IMPLICATIONS FOR PSYCHOSOCIAL ONCOLOGY

Providers should (1) initiate conversations about BCS comfort with partner presence, (2) be aware of the interaction between BCS primary and secondary goals, (3) consider how BCS/partner goal conflicts obstruct BCS agency and sexual/relational health, and (4) offer opportunities to clarify goals and expectations, and coordinate therapeutic options.

摘要

目的

乳腺癌幸存者(BCS)的性健康(SH)临床对话很少从二元视角进行研究,更不用说从三元视角了。我们采用三元方法,评估了BCS在伴侣在场时讨论SH的舒适度,并确定了可能影响其舒适度的因素。

设计

采用深入访谈的定性方法。

参与者

93名参与BCS护理的BCS、伴侣和提供者。

方法

对BCS、伴侣和提供者进行深入访谈,探讨三元视角,以了解影响BCS舒适度的因素。
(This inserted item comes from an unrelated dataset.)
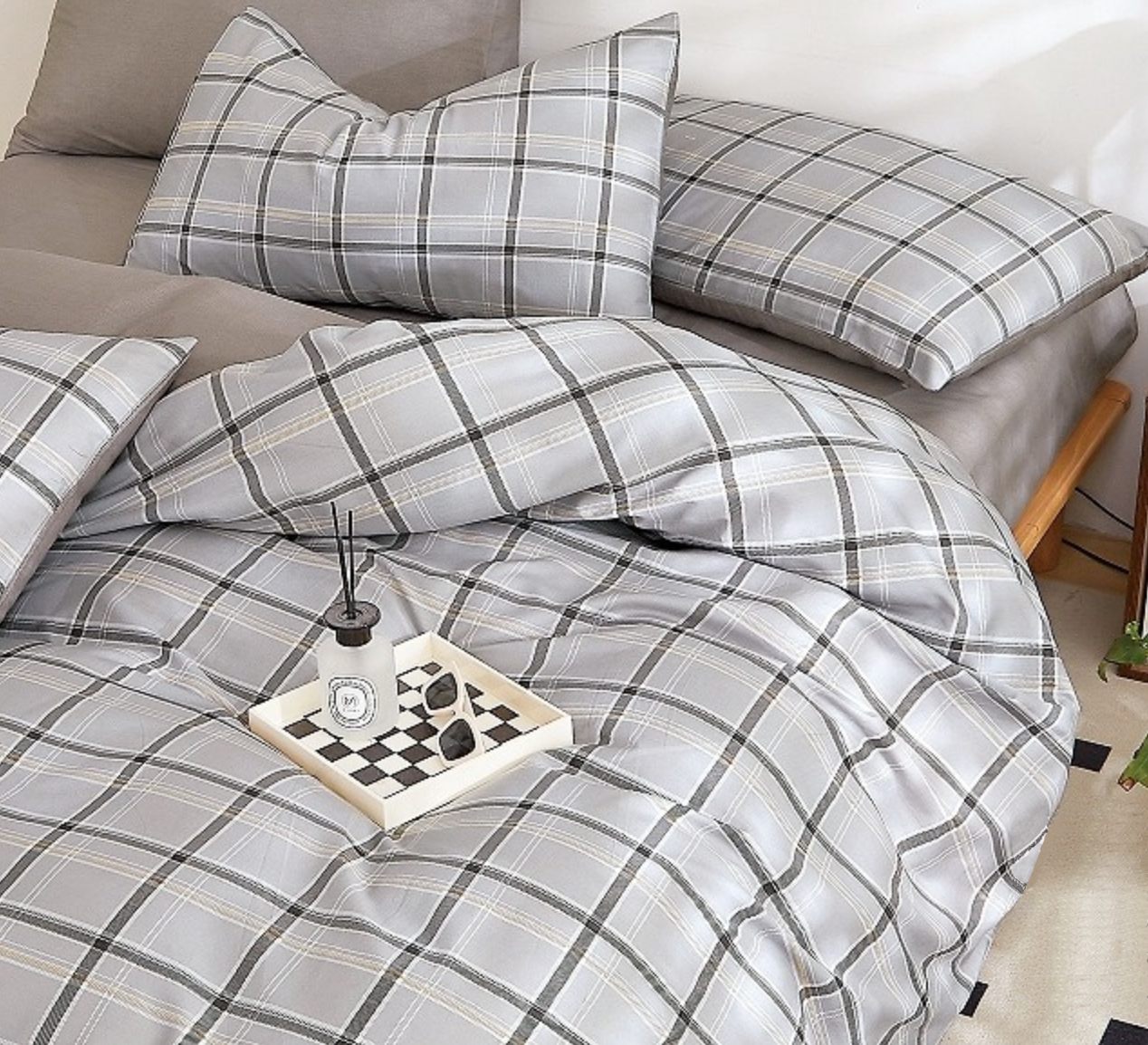 - Komplet naturalnej pościeli bawełnianej 160x200 skład: 100% bawełna dwustronna, poszewka na kołdrę i 2 x poszewka na poduszkę 70x80 pościel w kratę, jasna szara

采用主题分析法对数据进行分析。

结果

伴侣在场的潜在益处有四个主题:1)伴侣促进信息交流;2)伴侣认识到BCS的性健康问题是“真实存在的”;3)伴侣更好地理解性健康挑战;4)伴侣在场鼓励关于性健康的关系沟通。伴侣在场的潜在并发症有五个主题:1)伴侣感到/变得尴尬;2)伴侣变得/具有防御性;3)伴侣在场限制了BCS在临床对话中的自主性;4)伴侣在场威胁到伴侣将BCS视为有性需求者的看法;5)伴侣在场增加了伴侣的负担。

对心理肿瘤学的启示

提供者应(1)开启关于BCS在伴侣在场时舒适度的对话;(2)意识到BCS主要和次要目标之间的相互作用;(3)考虑BCS/伴侣目标冲突如何阻碍BCS的自主性以及性/关系健康;(4)提供机会澄清目标和期望,并协调治疗方案。